« Lurel nous a dit de faire un effort. Mais on a montré lors du grand débat (ndlr: sur la formation des prix des carburants à la Réunion) que l’on était incapables de le faire« , explique Goulam Akbaraly, secrétaire du syndicat des gérants de stations-service. « On ne peut pas aller au-delà de ce que l’on fait aujourd’hui (ndlr: les gérants n’ont pas renégocié leurs marges depuis 2009)« , ajoute-t-il. Hier, le ministre de l’Outre-mer, Victorin Lurel, a renvoyé dos à dos pétroliers et gérants pour qu’ils trouvent une solution afin d’arriver à une baisse équivalente à celle au niveau national (- 6 centimes) sur le prix des carburants.

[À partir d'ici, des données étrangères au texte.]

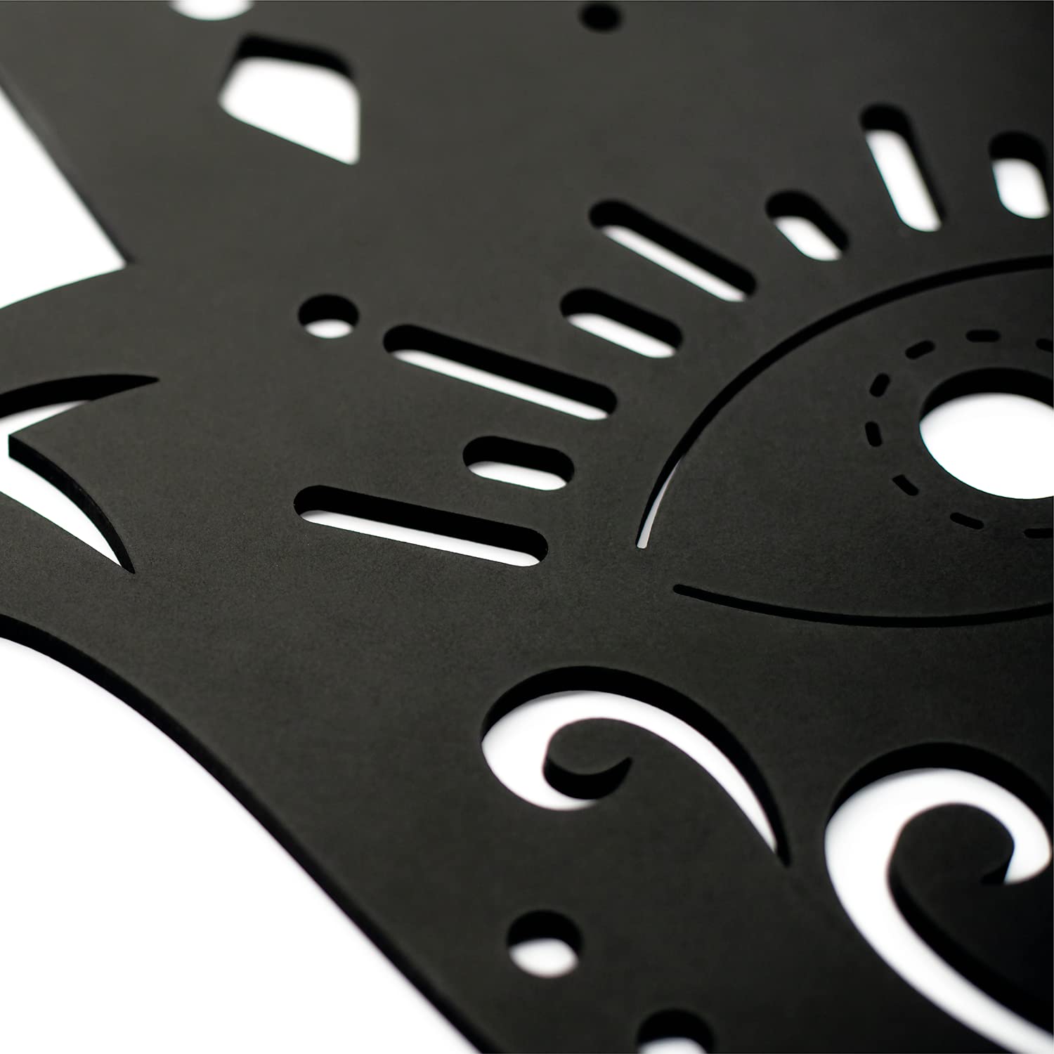 - Acabados: Nuestros cuadros, piezas y figuras de pared decorativas son elaborados de fibra de madera de densidad media. El terminado de las piezas está compuesto por 2 capas de pintura automotriz en color negro mate.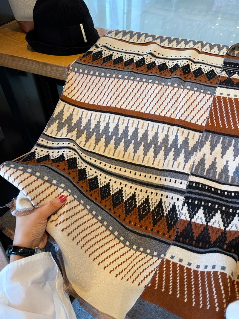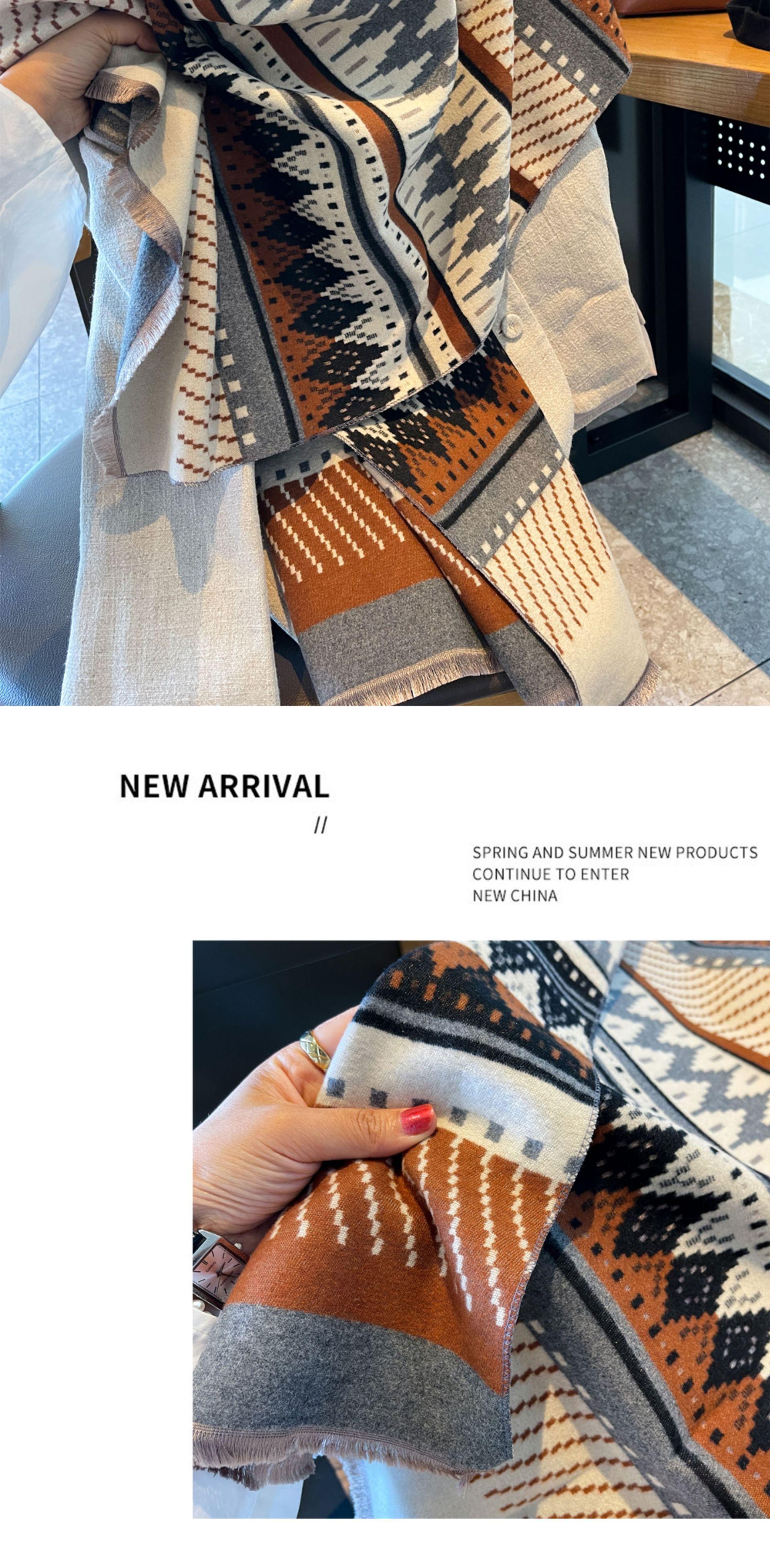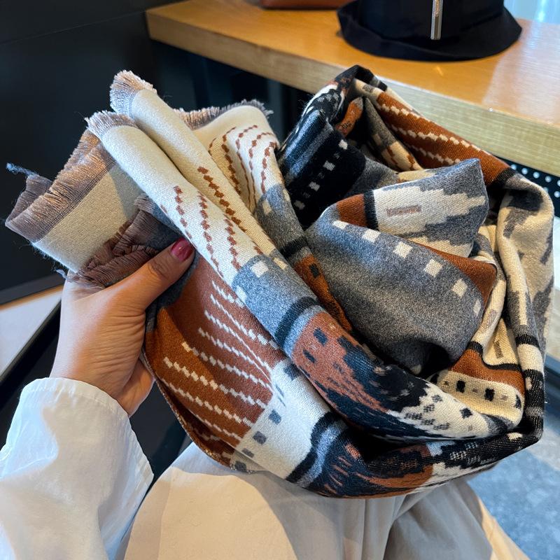 Lindo cachecol losango cor Maillard outono e inverno cashmere feminino espessado quente xale grande dupla face dupla utilização

La crainte des gérants viendrait d’un changement dans la structure des prix. « Si la structure des prix change, nos contrats deviennent caducs et peuvent être modifiés au bon vouloir des pétroliers. Et si le système ne devient plus rentable, ils peuvent tout arrêter« , lâche-t-il. Le ministre de l’Outre-mer voudrait changer le décret de 2010 portant sur la fixation et l’encadrement des prix des hydrocarbures à la Réunion. « Nous jouons un rôle de lien social à la Réunion. Si demain le mécanisme de régulation est supprimé, tout le système explose. Les pétroliers pourront faire la pluie et le beau temps. Il n’y aura plus de structure des prix et ces derniers seront décidés uniquement par les pétroliers« , prévient Goulam Akbaraly. Pour rappel, ce décret fixe notamment les marges des importateurs et des distributeurs.
« Les grands perdants dans cette histoire seront les Réunionnais »
« Si demain on donne une partie de notre marge, on procède à un plan social de masse« , prévient-il. Mais au-delà de l’emploi, plus de 1.500 postes de pompiste en jeu dans les différentes stations de l’île, c’est bien tout ce que connaissent les automobilistes réunionnais qui pourrait disparaitre à terme. « En plus du problème d’emploi, les prix n’étant plus régulés ils pourront être libres dans les stations, rien n’empêchera un pétrolier de vendre à 1,70 euro son litre de sans-plomb le lundi et le lendemain à 1,80 euro. Les stations dans les hauts disparaitront car elles vendront plus cher que sur les axes fréquentés« , souligne le secrétaire du syndicat des gérants de stations-service. Les petits groupes pétroliers comme Engen ou Tamoil pratiqueront des « prix plus chers » car ils ne pourront pas « s’approvisionner » en quantité importante comme Total ou la SRPP (Elf et Shell), selon lui. « Vous aurez un litre de gasoil à 1,30 euro chez moi ou à 1,25 euro chez le voisin. Chez qui allez-vous vous rendre ? Beaucoup de gérants mettront la clé sous la porte et les seules qui subsisteront seront les stations sur les quatre-voies« , explique-t-il.
« Les grands perdants dans cette histoire seront les Réunionnais« , rappelle-t-il. Pourtant, lors du grand débat sur les carburants, l’ensemble des acteurs invités autour de la table n’avaient pas remis en cause le système de distribution réunionnais: « Le modèle de distribution local, basé sur un réseau dense de stations-service et laissant perdurer la fonction de pompiste notamment, semble devoir être défendu. (…) Au vu du contexte de l’emploi à la Réunion et du coût élevé pour la collectivité que représenterait la libéralisation des prix des carburants, tous les acteurs du secteur et participants du débat s’opposent à la modification du système en place et préconisent le maintien de la réglementation des prix« , pouvait-on lire dans les conclusions.
Le ministre de l’Outre-mer semble ne pas avoir tenu compte des conclusions et préconise une réforme en profondeur du décret de 2010.